Avant son escale lausannoise de lundi soir, je ne connaissais François Bon que par certains de ses livres (Tumulte surtout), son immense travail sur la toile et une lecture mémorable aux Petites Fugues de Besançon. Nous relie aussi l’amitié de Marius Daniel Popescu, dont il aime l’écriture incarnée, lequel Popescu lui fit d’ailleurs porter hier une fiole de blanc vaudois (Marius est ces jours à Bucarest pour la sortie de la traduction roumaine de La Symphonie du Loup). Or il nous importait, à l’un et à l’autre, de nous rencontrer tels que nous sommes. Et pourquoi donc ? Le virtuel ne nous suffit-il donc point ? La littérature aurait-elle besoin de s’incarner ?
L’aventure est devant nous et nous la vivrons pleinement…
Commentaires
Je savais que je manquais un grand moment! ("le sens du détail révélateur qui relie tous les points de la circonférence au même centre vivant." ... pfouh! Wouah!)
Le virtuel ne suffit pas, ne suffira jamais, ne remplace rien, ne nous nourrit pas! Il nous permet d'échanger, tout au plus, mais ensuite il faut se voir!
Mais oui! Mais oui! Mais oui!
Vous faites pas de mouron Frédéric: vous êtes tellement centré qu'y a pas trop de souci: le merle dicte...
no comment... mais je n'aurais pas dit Ramuz comme je m'amuse, quand même, j'ai appris ! je regrette juste de pas avoir fini par Paul Valet, que j'avais apporté exprès pour http://www.tierslivre.net/spip/spip.php?article971 - et c'était bien après, malgré le quiproquo Lyrique
On se réfère à TiersLivre où François est toujours en avant de lui et de nous, et d'eux... maintenant il danse avec Paul Valet, hier c'était avec Gherasim Luca et ça y va...
Lorsqu'elle se réveilla un matin, la littérature se trouva métamorphosée en un monstrueux cafard.
Elle se regarda dans le miroir de son écran à cristaux liquides et se demanda: ces tentacules, sont-elles les pales d'un moulin à vent? Ces ailes sont-elles celles d'un sanatorium grison? Ces pattes sont-elles celles d'un promeneur biennois, d'un Taugenichts émerveillé?
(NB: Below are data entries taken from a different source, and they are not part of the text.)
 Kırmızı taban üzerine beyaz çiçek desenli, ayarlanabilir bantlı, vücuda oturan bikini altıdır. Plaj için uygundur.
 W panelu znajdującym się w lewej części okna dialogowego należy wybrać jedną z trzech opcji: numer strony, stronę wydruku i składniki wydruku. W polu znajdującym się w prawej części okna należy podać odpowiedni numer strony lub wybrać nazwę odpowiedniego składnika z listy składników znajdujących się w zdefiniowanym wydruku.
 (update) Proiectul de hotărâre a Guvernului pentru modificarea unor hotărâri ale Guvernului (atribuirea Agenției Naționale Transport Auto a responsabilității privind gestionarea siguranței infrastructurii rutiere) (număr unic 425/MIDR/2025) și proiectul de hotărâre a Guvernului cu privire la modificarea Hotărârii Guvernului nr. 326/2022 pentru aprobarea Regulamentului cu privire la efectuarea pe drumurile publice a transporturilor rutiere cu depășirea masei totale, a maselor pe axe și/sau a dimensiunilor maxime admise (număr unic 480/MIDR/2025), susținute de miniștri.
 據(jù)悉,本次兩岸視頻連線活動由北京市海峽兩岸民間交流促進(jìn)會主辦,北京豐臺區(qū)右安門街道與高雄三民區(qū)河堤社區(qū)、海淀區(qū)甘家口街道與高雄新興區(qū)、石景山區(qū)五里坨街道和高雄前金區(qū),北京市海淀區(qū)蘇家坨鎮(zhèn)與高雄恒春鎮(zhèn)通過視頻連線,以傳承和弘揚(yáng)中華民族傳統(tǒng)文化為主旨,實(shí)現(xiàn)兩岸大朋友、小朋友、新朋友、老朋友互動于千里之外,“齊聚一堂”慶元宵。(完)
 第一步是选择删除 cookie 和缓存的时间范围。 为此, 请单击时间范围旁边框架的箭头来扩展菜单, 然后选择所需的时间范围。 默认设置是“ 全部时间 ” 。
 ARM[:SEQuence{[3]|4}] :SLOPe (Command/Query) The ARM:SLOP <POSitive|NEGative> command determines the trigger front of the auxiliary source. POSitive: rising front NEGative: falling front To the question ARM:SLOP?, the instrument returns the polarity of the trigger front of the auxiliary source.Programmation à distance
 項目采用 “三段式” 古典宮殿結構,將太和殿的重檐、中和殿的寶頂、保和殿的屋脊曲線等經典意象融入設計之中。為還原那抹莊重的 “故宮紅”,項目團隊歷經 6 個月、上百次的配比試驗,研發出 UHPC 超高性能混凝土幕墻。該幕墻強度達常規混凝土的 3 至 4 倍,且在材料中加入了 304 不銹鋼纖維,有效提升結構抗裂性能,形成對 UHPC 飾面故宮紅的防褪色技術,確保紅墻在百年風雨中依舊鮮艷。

Puis elle ouvrit sa boîte électronique et découvrit un message de son père: "Vains Dieux", lui disait-il, "tu vas manquer la messe".
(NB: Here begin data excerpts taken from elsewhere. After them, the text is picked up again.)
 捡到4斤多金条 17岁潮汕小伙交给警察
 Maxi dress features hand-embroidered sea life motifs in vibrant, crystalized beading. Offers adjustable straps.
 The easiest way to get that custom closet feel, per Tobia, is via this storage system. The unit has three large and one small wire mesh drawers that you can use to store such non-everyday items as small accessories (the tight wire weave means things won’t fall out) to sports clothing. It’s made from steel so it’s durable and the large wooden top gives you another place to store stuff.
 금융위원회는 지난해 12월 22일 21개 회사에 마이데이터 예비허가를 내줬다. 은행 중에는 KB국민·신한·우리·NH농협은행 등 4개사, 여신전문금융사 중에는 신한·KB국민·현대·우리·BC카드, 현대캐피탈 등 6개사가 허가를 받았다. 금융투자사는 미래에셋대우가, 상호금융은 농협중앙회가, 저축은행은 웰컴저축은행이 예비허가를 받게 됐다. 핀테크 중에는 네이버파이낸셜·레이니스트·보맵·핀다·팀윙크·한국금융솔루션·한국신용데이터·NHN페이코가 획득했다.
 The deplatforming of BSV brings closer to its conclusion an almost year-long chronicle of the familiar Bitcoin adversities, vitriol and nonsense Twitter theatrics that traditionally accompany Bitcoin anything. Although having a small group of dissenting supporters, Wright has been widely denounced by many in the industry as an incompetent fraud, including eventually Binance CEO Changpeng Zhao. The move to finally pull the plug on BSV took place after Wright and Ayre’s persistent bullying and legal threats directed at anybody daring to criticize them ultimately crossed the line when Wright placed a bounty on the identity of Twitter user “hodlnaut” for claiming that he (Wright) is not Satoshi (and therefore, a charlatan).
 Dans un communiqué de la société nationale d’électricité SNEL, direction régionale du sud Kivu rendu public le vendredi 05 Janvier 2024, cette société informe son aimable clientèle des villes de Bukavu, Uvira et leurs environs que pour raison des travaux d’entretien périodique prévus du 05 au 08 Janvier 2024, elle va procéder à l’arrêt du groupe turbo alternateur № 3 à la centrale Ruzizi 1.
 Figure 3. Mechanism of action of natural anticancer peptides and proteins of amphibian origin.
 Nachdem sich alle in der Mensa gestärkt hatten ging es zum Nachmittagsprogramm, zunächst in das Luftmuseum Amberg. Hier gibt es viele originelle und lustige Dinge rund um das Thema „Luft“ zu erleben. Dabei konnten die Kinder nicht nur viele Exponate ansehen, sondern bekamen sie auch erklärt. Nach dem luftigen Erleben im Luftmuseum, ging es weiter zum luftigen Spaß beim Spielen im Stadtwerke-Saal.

Le bonjour matinal à Nicolas. De nos hauteurs enneigées (Cully y a juste coupé), le lac a tout à fait l'air qu'évoque la petite fille en demandant à son père pourquoi l'on l'appelle le Lac Clément...
Cher JLK
A propos de sociabilité : Vous écrivez "sous le regard de Dieu" . D'autres plumitifs préfèrent écrire "sous le regard de l'Autre". Le Premier n'a pas besoin d'exister pour être, le second (vous, moi) se doit d'exister pour être . Cependant, le meilleur d'un auteur reste dans ses écrits: tout contact avec un créateur le diminue, le ramène, peu ou prou, à la triviale condition humaine
Eh Rodrigue, mon sentiment n'est pas du tout aussi tranché que le vôtre, mais chacun ressent la présence de l'autre, avec ou sans Majuscule, selon sa culture et sa complexion personnelle, il n'y a aucune règle en la matière ni vérité dernière à ce niveau-là et tout est fort bien comme ça. De toute façon, le terme de sociabilité me semble vraiment trop étroit pour le type de relations que j'évoque en l'occurrence.